Leicestershire gang's fake vodka spread throughout UK

image captionThe HMRC raid in September 2009 followed a five-month surveillance operation

Tens of thousands of bottles of dangerous fake vodka ended up in shops across the UK following a "sophisticated" counterfeit operation in Leicestershire.

As the men behind the secret production line begin prison sentences, customs officers said they feared much of their illicit produce remained on sale.

The raid, which uncovered their rural factory, found enough industrial alcohol to make 100,000 bottles of fake vodka.

But it is thought a further 165,000 bottles had already been distributed across the UK.

HM Revenue and Customs (HMRC) discovered the scale of the operation when it raided the factory, at a rented farm near Melton Mowbray, in September 2009.

Professional labels

The gang's leader, Kevin Eddishaw, had organised a production line which started with methylated spirits imported from Poland.

This would then be treated and diluted by Polish chemist Wojciech Jan Herbst and relabelled as bottles of Glens Vodka, ready to be sent out.

Investigators subsequently found bottles manufactured by the gang in independent off-licences in London, Salford and Merthyr Tydfil.

The bottles of vodka seized featured professionally printed labels, duty stamps and bottle tops - all of which were counterfeit.

Analysis of a sample bottle showed raised levels of methanol which can pose health risks, including the risk of blindness, if consumed in high quantities.

Simon De Kayne, assistant director of criminal investigation for HMRC, said the gang had scant regard for any risk their vodka posed.

image captionBottles produced by the gang were found in off-licences around the UK

Unfit for humans

He said: "The gang were fully aware the counterfeit vodka they manufactured contained highly dangerous chemicals making it unfit for human consumption, but were interested only in making a profit at the expense of British taxpayers."

Each gang member had a specific role in the operation. John Humphreys was Eddishaw's right-hand man and Mark Gyles was the driver who transported the goods.

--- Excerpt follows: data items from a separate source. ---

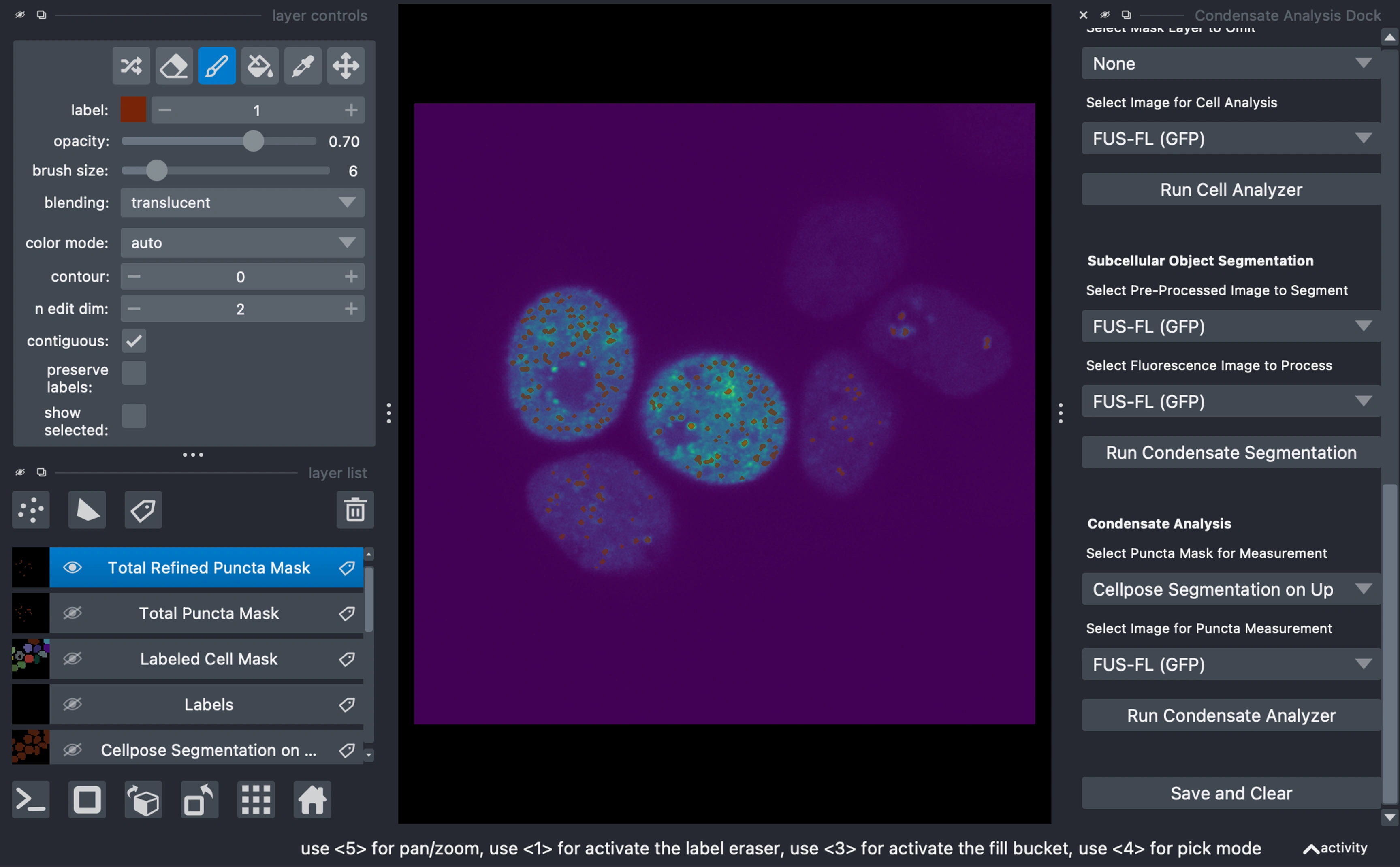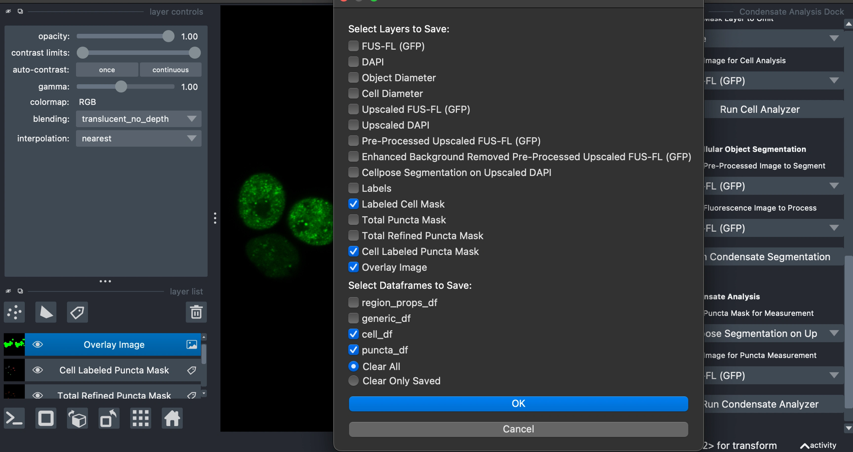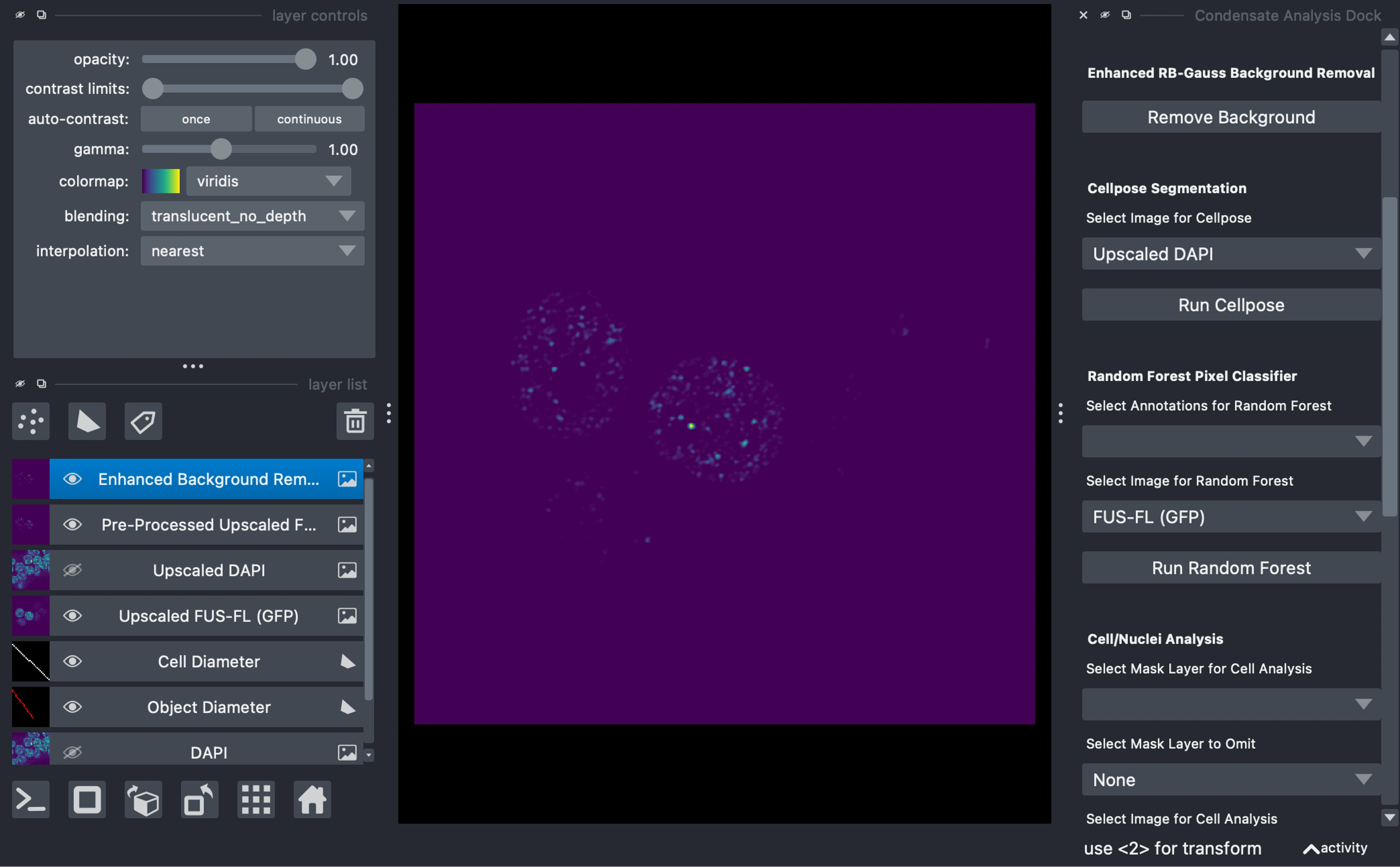 Developed PyCAT-Napari (Python Condensate Analysis Toolbox) for biomolecular condensate analysis in biological images.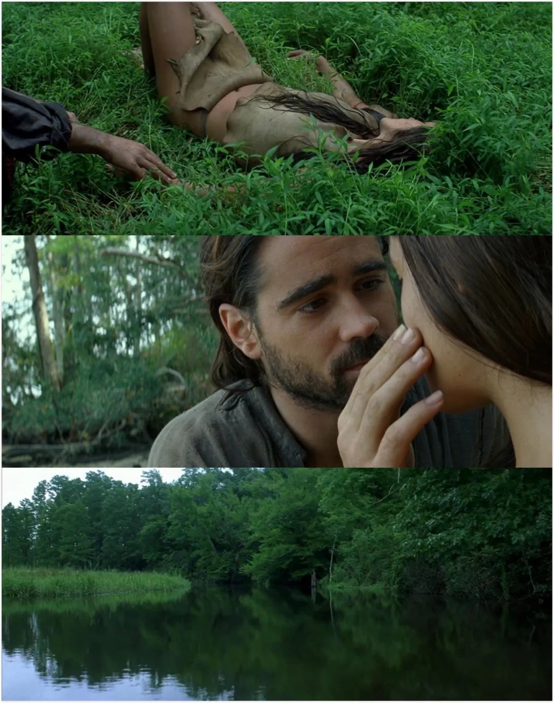 在一組近似于精神性愛的鏡頭之后,一組交切鏡頭展現了詹姆士河和四周的森林:鳥兒在森林中飛舞,靜靜流淌的河水被漂浮的小種子點綴著,草叢長到了人的腰部,陰沉的天空開始下起雨來,天空雖然陰沉但并不壓抑,雨滴也是清新的。柔和的水浪拍打著詹姆士河的河岸,而那正是波卡洪塔斯和史密斯的嬉戲地。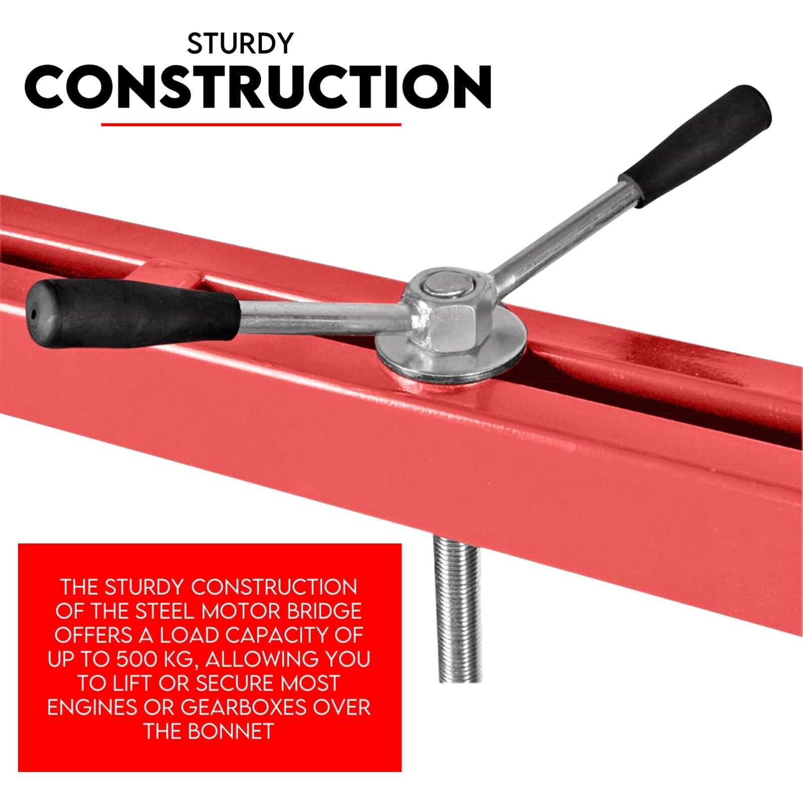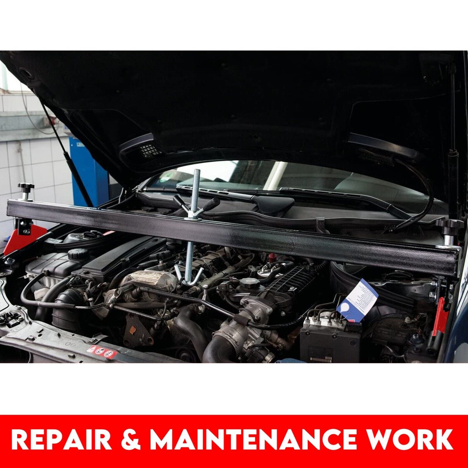 Fiernero Engine Support Beam is constructed with heavy duty powder coated steel for durability. This 500 KG capacity support beam is ideal for providing support for engine transmission repairs.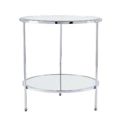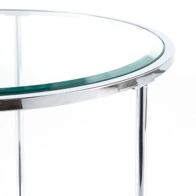 Master the 1920’s scene with the Aiden Lane Ric End Table. The sleek metal frame houses a wide-beveled glass tabletop and black glass shelf. Glamorous dreams come to life with this round side table.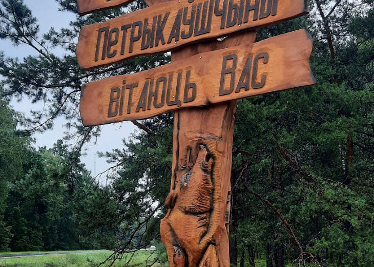 На 247 км автодороги М10 появился еще один яркий символ гостеприимства — арт-объект, который теплым приветствием встречает всех, кто въезжает на территорию лесного фонда Петриковского лесхоза.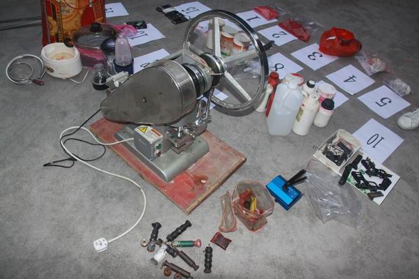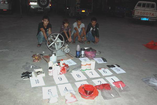 前日,县公安局霞洞派出所联合刑警四中队经周密部署,成功捣毁一个位于霞洞镇浮山岭米头坡水电站废弃工房内一毒品制造工场,当场抓获制毒疑犯3名,吸毒人员1名,缴获毒品“麻果”成品与半成品共约23.37公斤、仿六四式手枪2支、子弹5发、管制刀具2把、制毒工具等物品一批。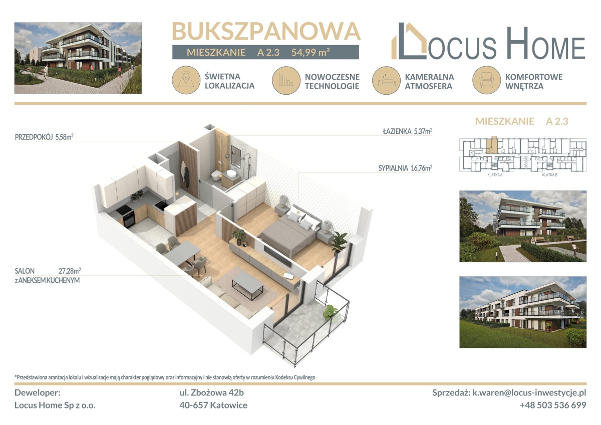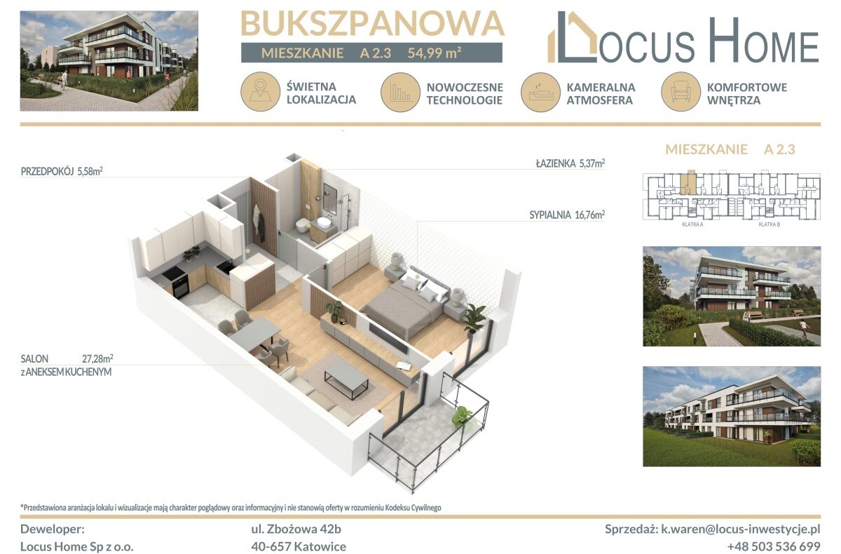 Spółka LOCUS HOME to DEWELOPER który realizuje inwestycje mieszkaniowe na terenie Katowic od wielu lat. NOWA inwestycja na ulicy BUKSZPANOWEJ (obok nr 19) w Piotrowicach to nowoczesny apartamentowiec w doskonałej lokalizacji Katowic.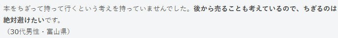 日本媒体对300名18岁以上有阅读习惯的人进行调查。结果显示,只有8人表示会把想看的书页撕下来。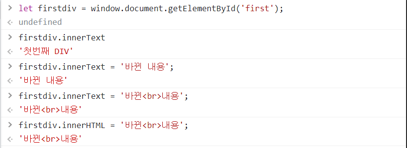 - x.innerText : 요소 x의 내부 텍스트 내용을 가져오거나 지정한다.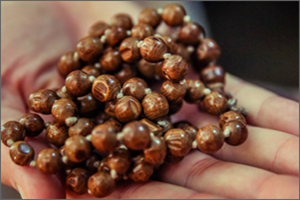 А орудием джапы являются четки — мала. В трактатах можно найти специальную молитву, которую надо читать четкам перед тем, как их взять в руки. Да, прежде чем молиться, надо помолиться тому, на чем мы будем молиться. Так что, даже начать молиться без молитвы нельзя. Вот эта мантра: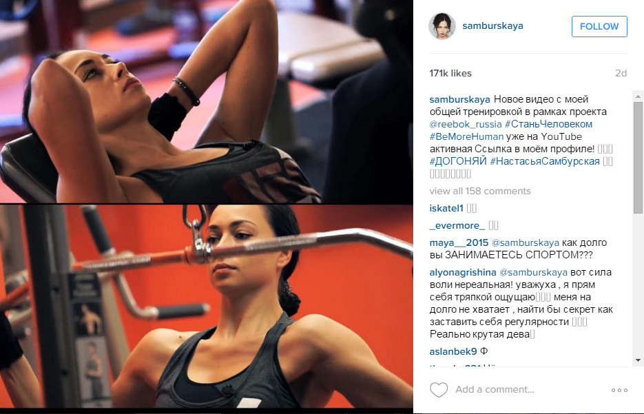 Российская актриса Настасья Самбурская (28) в последнее время то и дело подкидывает СМИ темы для обсуждений. В большинстве случаев такой темой становится ее фигура и занятия спортом, ведь Настасья буквально не покидает спортзал.

James Fyfe was the site foreman of Moscow Farm, which housed the group's factory and Michael Matthews was a printer who procured supplies of counterfeit labels and boxes.

The gang also employed migrant workers to keep the production line running - each of them put at risk by a work environment with a lack of health and safety provision.

The court heard there were no fire safety measures in the factory and the alcohol vapours alone could have triggered a major explosion if the lights had been switched on or a naked flame or cigarette had been lit.

Earlier this year an explosion at an illegal distillery in Boston in Lincolnshire left five men dead and another seriously injured.

Something similar could have quite easily taken place in Leicestershire.